Yup, Joy was one of those dogs that I’d publicly “accepted” but would shudder to live next door to. Except, this pit was persuasive without words - a lumbering giant with the softest strides that left the deepest footprints.

Amazing considering her past.

Just over three years ago, Joy was rescued from the dog-fighting trade. If having been used as bait was not bad enough, she carried a basketball-sized tumor on her right flank. The operation to remove the tumor nearly killed her and left her with marked paresis (weakness) in her hind limbs.

Enter my dear friend, Jana, who stepped up and took in a girl many would consider broken and unadoptable. With love, time, physical therapy and Roxy’s pesky prodding, Joy spun around on her butt, stood, staggered and dragged her weaker foot behind her until she showed her adoptive mama and all their friends that she was a tour de force.

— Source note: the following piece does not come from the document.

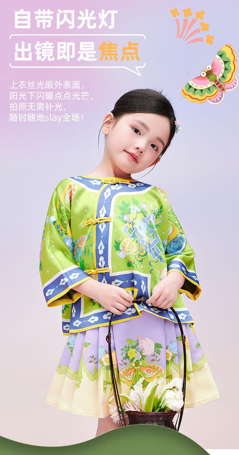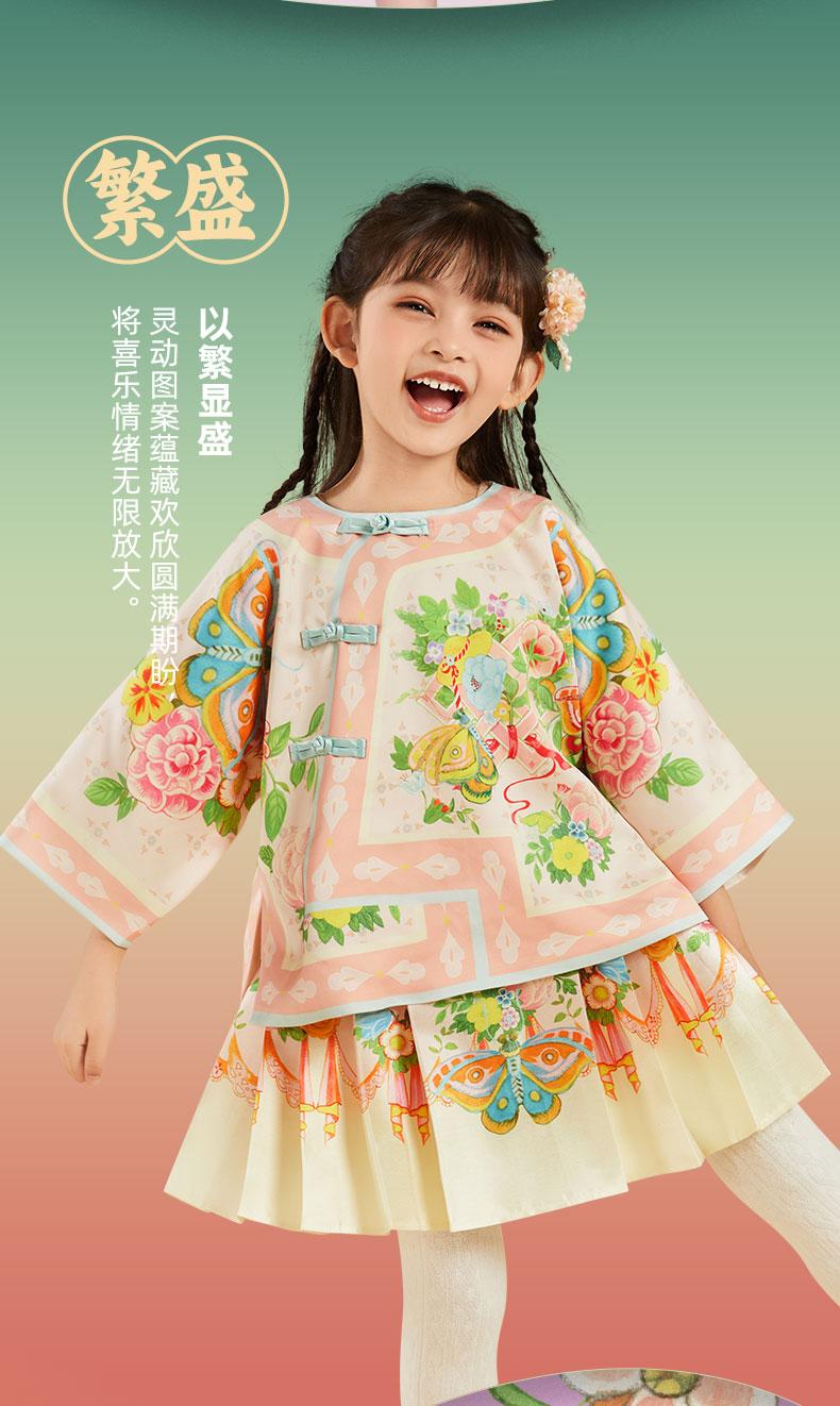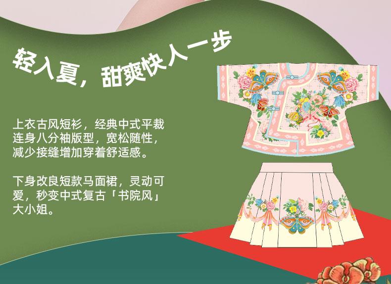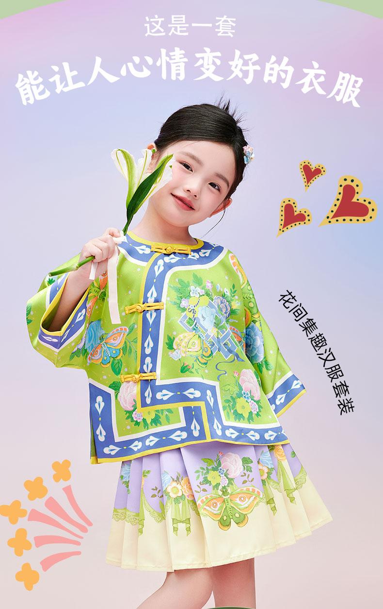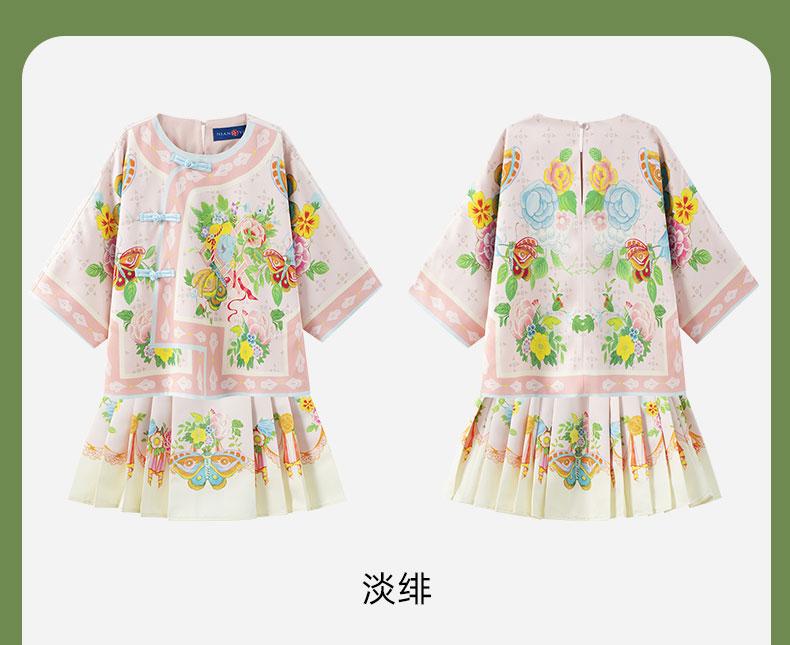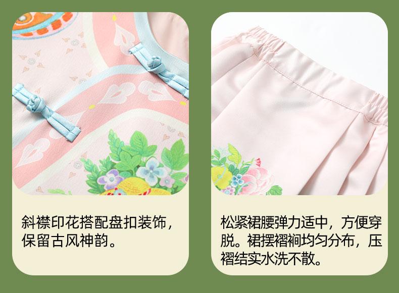 【花间集趣汉服套装】女童夏季新款汉服套装印花女孩中国风短裙 XHR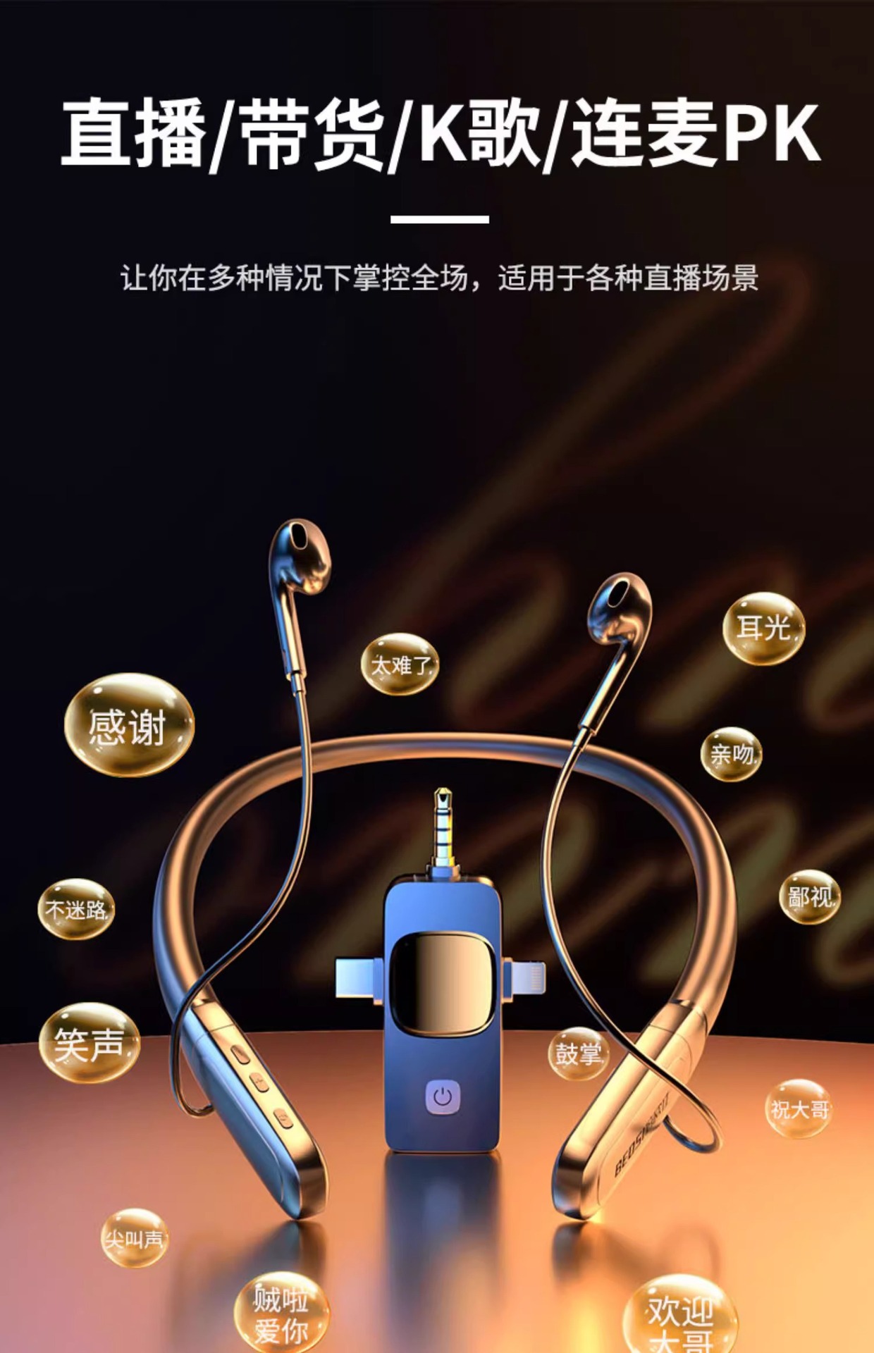 ライブワイヤレスヘッドセットオールインワンサウンドカードモニタリングアンカー携帯電話屋外Bluetoothヘッドセットイヤーバックモニタリング首掛けタイプ

Since then, other tumors erupted and subsided. She lost a divot of ear to a lesion. Through it all, Joy’s joy remained unflappable. A year and a half ago, Joy and Roxie and Jana shunned the big city for the wide open spaces where everyone flourished . . . until news broke a couple of months ago that Joy’s latest bout with cancer would be her last. Not the last that anyone wanted.

Friends were urged to come by soon for final cuddles. I had arranged with Jana to drop by, but an unforeseen tragedy preempted this plan. On the first day of spring Joy passed peacefully at home, enveloped in her mama’s arms.

Joy may have left this world, but she was not a “loser” to disease. Rather, she was a winner who converted scores of skeptics to the camp that believes that no dog breed is inherently vicious. That distinction belongs to us humans who are well-versed in cruelty.

“Joy was not the poster child for Pits,” Jana said, “but for her to have kept her sweet, loving disposition after coming out of the fighting ring - we humans could borrow from that example.”

I love you, Joy, for showing me how tender strength can be.

And for cutting a cancer out of my heart without leaving a scar.